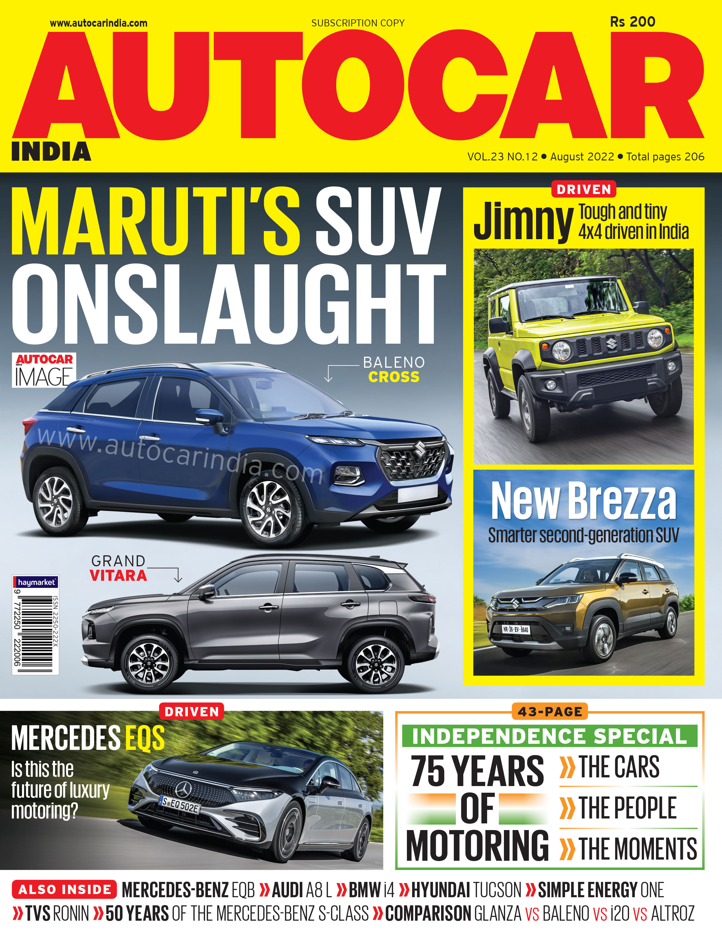 Buy Now!Maruti Suzuki’s SUV onslaught with the Baleno Cross and Grand Vitara headlines Autocar India’s August 2022 issue. This month, we also celebrate 75 years of Indian Independence with 43 pages of unmissable special features. We have first drives of the brand new Brezza, the BMW i4 and Audi A8. Plus, there’s drives of the Suzuki Jimny, the Mercedes-Benz EQS and the EQB. We’ve also reviewed the new Bajaj Pulsar 160 and TVS Ronin. Flip to our motorsport pages for a look-back on the career of racing champ Sebastien Vettel, who recently announced his retirement.
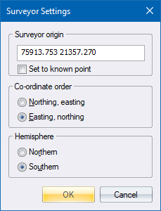 Select the required hemisphere for the surveyor drawing. Changing hemisphere will automatically alter the coordinate order, and will also alter settings for the Angular format in the Drawing Settings.
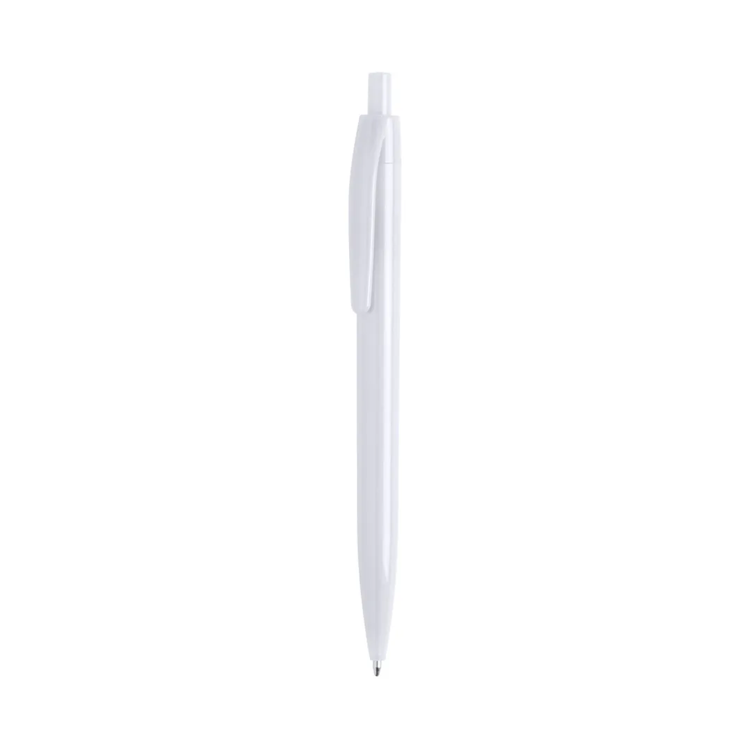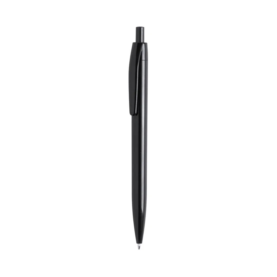 Esferográfica de mecanismo pulsador, de design monocromático em várias de cores vivas e brilhantes. Tinta azul
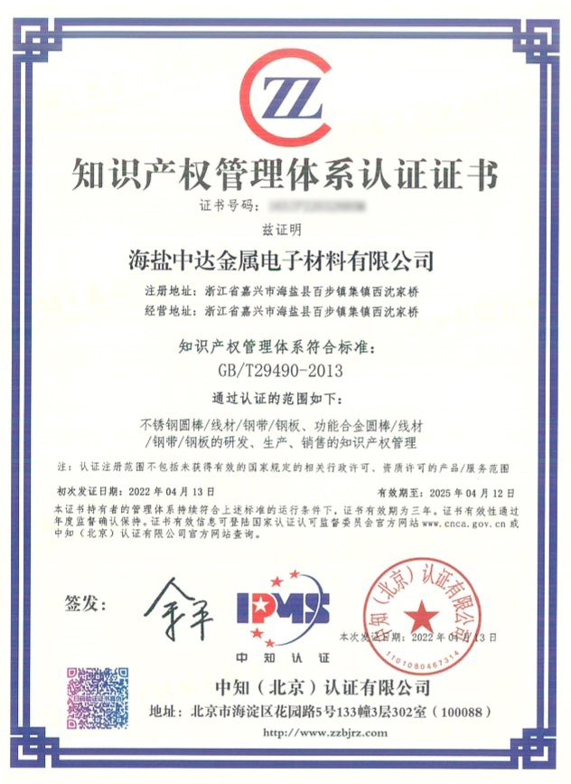 最終經(jīng)審核組老師們一致決定,中達材料知識產(chǎn)權(quán)管理體系一階段審核順利通過。近日,中知(北京)認證有限公司為中達材料頒發(fā)了知識產(chǎn)權(quán)管理體系認證證書。
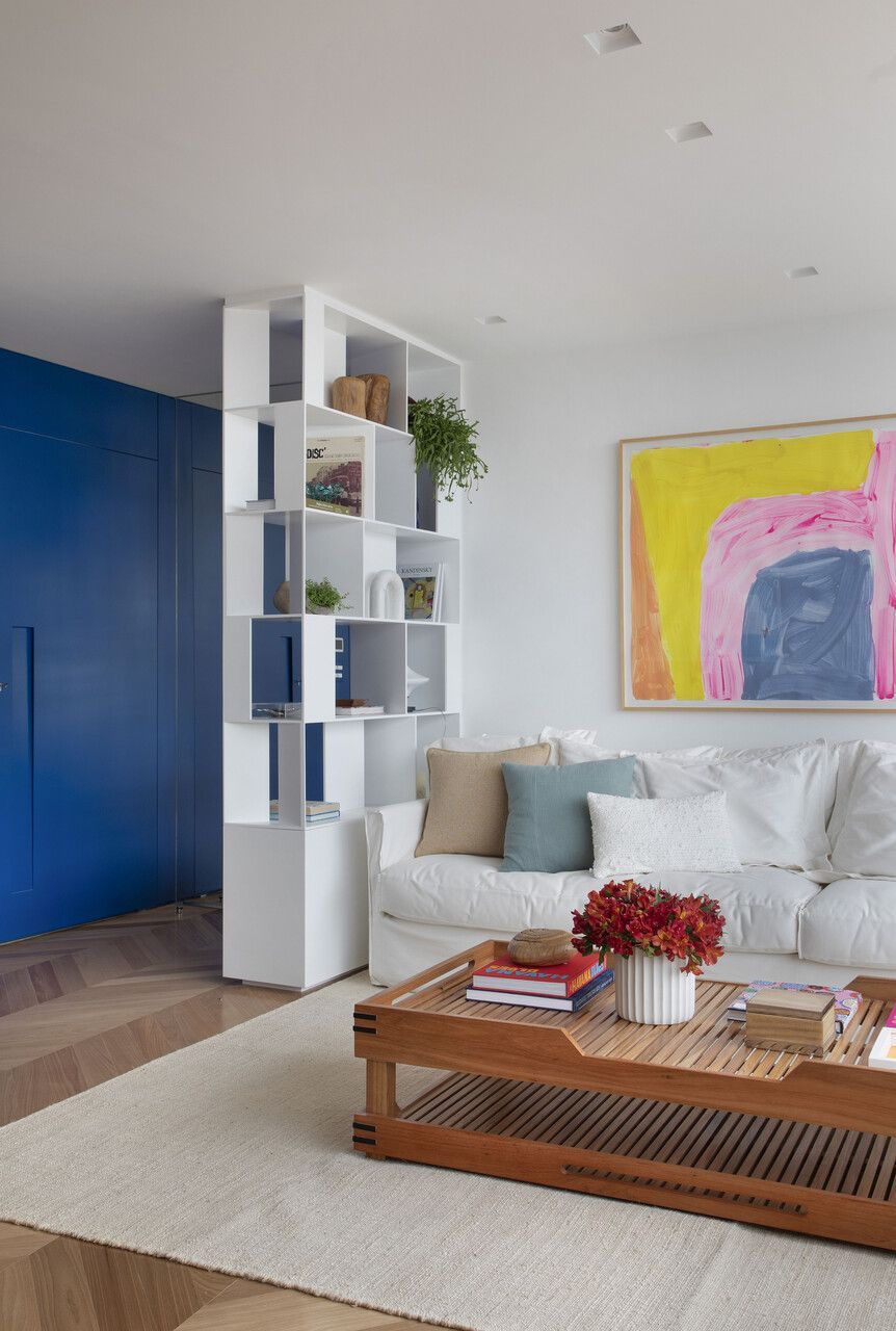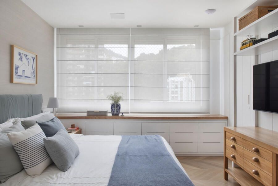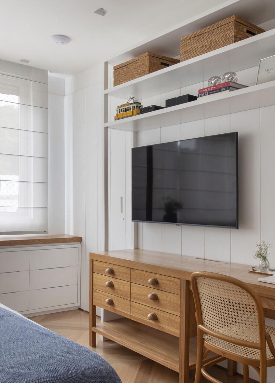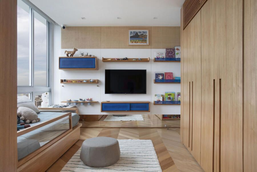 “No caso específico do quarto do filho mais velho, a parede voltada para a área social foi substituída por portas de correr, permitindo, assim, que o espaço também seja usado como brinquedoteca ou sala de tv.”

- What to produce: Could the lines above be copied out exactly, with no image carried over?

- Your solution:
 Buy Now!Maruti Suzuki’s SUV onslaught with the Baleno Cross and Grand Vitara headlines Autocar India’s August 2022 issue. This month, we also celebrate 75 years of Indian Independence with 43 pages of unmissable special features. We have first drives of the brand new Brezza, the BMW i4 and Audi A8. Plus, there’s drives of the Suzuki Jimny, the Mercedes-Benz EQS and the EQB. We’ve also reviewed the new Bajaj Pulsar 160 and TVS Ronin. Flip to our motorsport pages for a look-back on the career of racing champ Sebastien Vettel, who recently announced his retirement.
 Select the required hemisphere for the surveyor drawing. Changing hemisphere will automatically alter the coordinate order, and will also alter settings for the Angular format in the Drawing Settings.
 Esferográfica de mecanismo pulsador, de design monocromático em várias de cores vivas e brilhantes. Tinta azul
 最終經(jīng)審核組老師們一致決定,中達材料知識產(chǎn)權(quán)管理體系一階段審核順利通過。近日,中知(北京)認證有限公司為中達材料頒發(fā)了知識產(chǎn)權(quán)管理體系認證證書。
 “No caso específico do quarto do filho mais velho, a parede voltada para a área social foi substituída por portas de correr, permitindo, assim, que o espaço também seja usado como brinquedoteca ou sala de tv.”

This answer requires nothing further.